First he became Madea, the gun-touting granny ready to even any score. Then he became the “Atlanta Angel,” paying for the groceries of seniors at 70 supermarkets during the Covid crisis.
Tyler Perry — the flamboyant actor, writer, producer who’s earned hundreds of millions in Hollywood –has footed the bill during senior shopping hour at 44 Kroger stores in Atlanta and 28 Winn-Dixie stores in Louisiana, as reported by Huffington Post.
The elderly got receipts signed by the “Atlanta Angel.”
Because Covid panic-buying has left senior citizens trampled, jostled, sidelined and shortage-stuck, some national chains are offering special hours exclusively for the elderly. Perry, who was born and raised in Louisiana but now lives in Atlanta, took advantage to underwrite their grocery bills.
Senior citizens also are more vulnerable to the lung-impacting virus.

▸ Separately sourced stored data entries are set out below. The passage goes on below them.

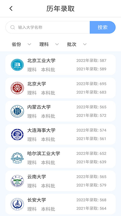 2、通过【搜索】或者【筛选】功能可以更加精准地定位到你想要查找的院校的历年录取分数线。
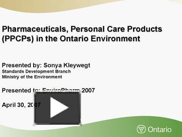 Pharmaceuticals, Personal Care Products PPCPs in the Ontario ...
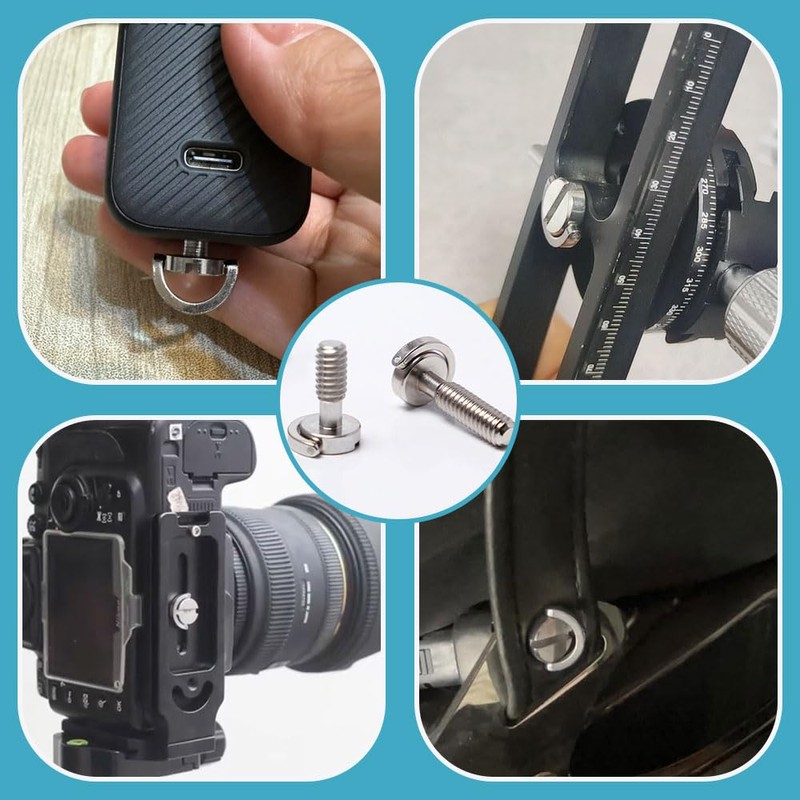 - The 1/4 inch camera screw set has precisely cut threads that are easy to tight. So you can connect devices quickly and safely without loosening the screws.
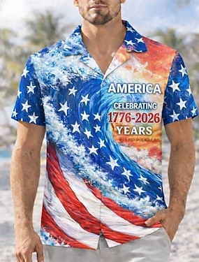 Giornata dell'indipendenza Per uomo Bandiera Americana 4 luglio, 250° anniversario degli Stati Uniti Patriottico Camicia Camicia casual Camicia con colletto cubano Manica Corta Moda Casual
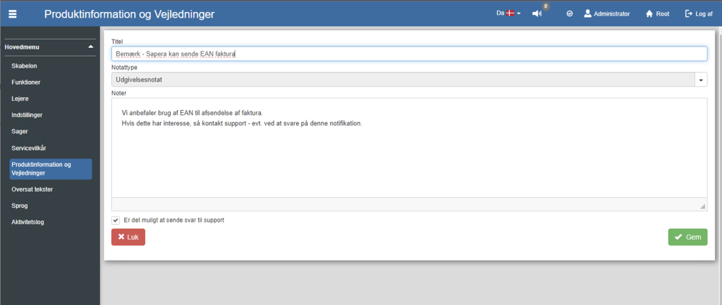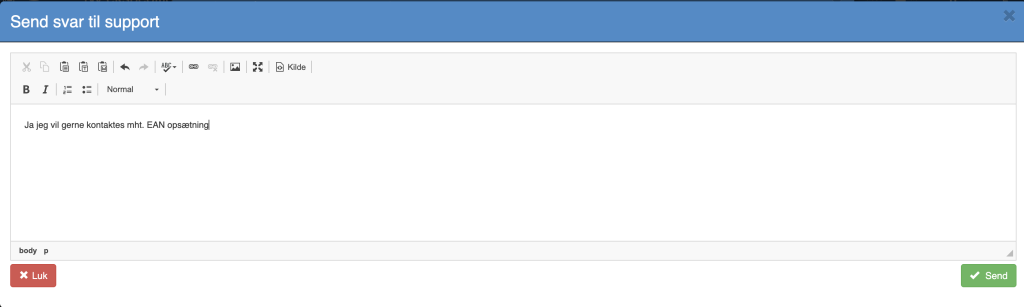 Opsætning af disse notifikationer med svarmulighed er som normale notifikationer – dog afkrydses “Er det muligt at sende svar til support”
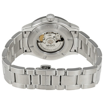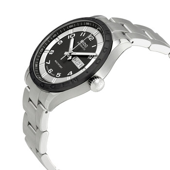 Stainless steel case with a stainless steel bracelet. Fixed stainless steel bezel with a black top ring. Black dial with silver-tone hands and index / Arabic numeral hour markers. Minute markers around the outer rim. Dial Type: Analog. Luminescent hands and markers. Day of the week and date display at the 3 o'clock position. Automatic movement. Scratch resistant sapphire crystal. Screw down crown. Transparent case back. Case size: 42 mm. Case thickness: 11 mm. Round case shape. Band width: 25 mm. Deployment clasp. Water resistant at 100 meters / 330 feet. Functions: date, day, hour, minute, second. Dress watch style. Watch label: Swiss Made. Mido Multifort Automatic Black Dial Men's Watch M0184301106200
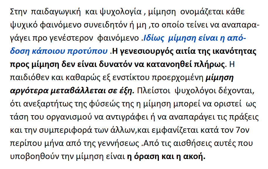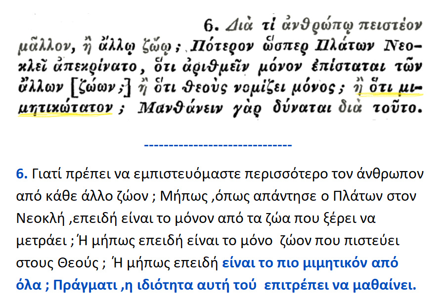 Ο άνθρωπος είναι το πιο μιμητικόν από όλα τα ζώα. Η ιδιότητα αυτή τού επιτρέπει να μαθαίνει

“We would like to join our customers in thanking Mr. Perry for his kindness and generosity during this unprecedented pandemic,” says Felix Turner, Kroger’s Atlanta manager of corporate affairs. “Our customers were filled with joy and gratitude.”
Perry became a Christian out of a childhood of abuse. He was physically and sexually abused inside and outside his home many times, according to BeliefNet.
“I remember (my dad) cornering me in a room and hitting me with this vacuum cleaner cord. He would just not stop,” Perry says. “There are all these welts on me, the flesh that’s coming from my bone, and I had to wait for him to go to sleep. When he fell asleep, I ran to my aunt’s house, and she was mortified when she saw it.”
Another time when he couldn’t get the bolts off the car tire because they were rusted, his father beat him severely.
“All I remember is him tackling me, and I remember holding onto a chain-link fence so tight, my hands are bloody and he’s hitting me.”
While his Dad was vicious, his mother was a shining light.
“My mother was truly my saving grace, because she would take me to church with her,” he says. “I would see my mother smiling in the choir, and I wanted to know this God that made her so happy. If I had not had that faith in my life, I don’t know where I’d be right now.”
When he decided to put his faith in God, he also needed to learn to forgive.
“I am a Christian, I am a believer, and I know had I not been a person of faith, I couldn’t be here in this place, and I wouldn’t be walking the path I’m on now,” Perry says. “And I think the greater good of the path I’m on now is to teach people to learn to forgive and move on, in a way that’s done through the healing power of humor.”
He wanted to break into Hollywood and from 1992 to 1998 he tried to stage a show entitled “I Know I’ve Been Changed.” But the morality play about forgiveness in dysfunctional families flopped continuously until it was re-shaped in Atlanta and had a successful run that ignited his career.
His big breakthrough came with “Diary of a Mad Black Woman,” which saw the creation of the salty Madea personality played by Perry himself. Madea is the gun-brandishing elderly lady who takes justice into her own mean hands. She’s not a Christian character but is a vehicle of humor to introduce Christian themes.
Madea, who has reappeared in movie after movie, is something of an alter-ego for Perry because she doesn’t forgive: “Well when you gettin’ got and somebody done got you and you go get them, when you get ’em, everybody’s gon’ get got,” she told Dr. Phil.
“The heart of who I am as a person and as a man is forgiveness,” he says. “I forgave my father for a lot of things that were done when I was child.
“If you don’t truly forgive, you hold yourself back. You know the Bible says you need to forgive so that the Father can forgive you, which is totally what I believe.
“Now we have a very good relationship because I know I’ve forgiven him. I can sit in the room with him and talk and laugh and have a good time because there is nothing there. There is nothing I’m harboring. The reason I was able to do that was I realized the effect that it had on me.”
Perry has a son (out of wedlock) who helps him complete the cycle of forgiveness, he says. Born in 2014, Aman was unplanned. Because of the failings of his own father, Perry feared becoming a dad.
“I didn’t think I was going to have any kid. All of my fears are based around my son,” Perry says in Light Workers. “I want to be there to protect him in every move, in every turn.”
Wealthy Gorilla website estimates Perry’s worth at $600 million. He gives generously back to the community. He pays for poor children to go to Disney World and summer swim camps. His latest charity rampage included a $500 tip for every laid-off server at Houston’s restaurant in Atlanta, a tab that came to $21,000.
Perry has not said a word about his splurge on the seniors at groceries stores other than to call himself the “Atlanta Angel.”
Michael Ashcraft teaches journalism at the Lighthouse Christian Academy in Santa Monica.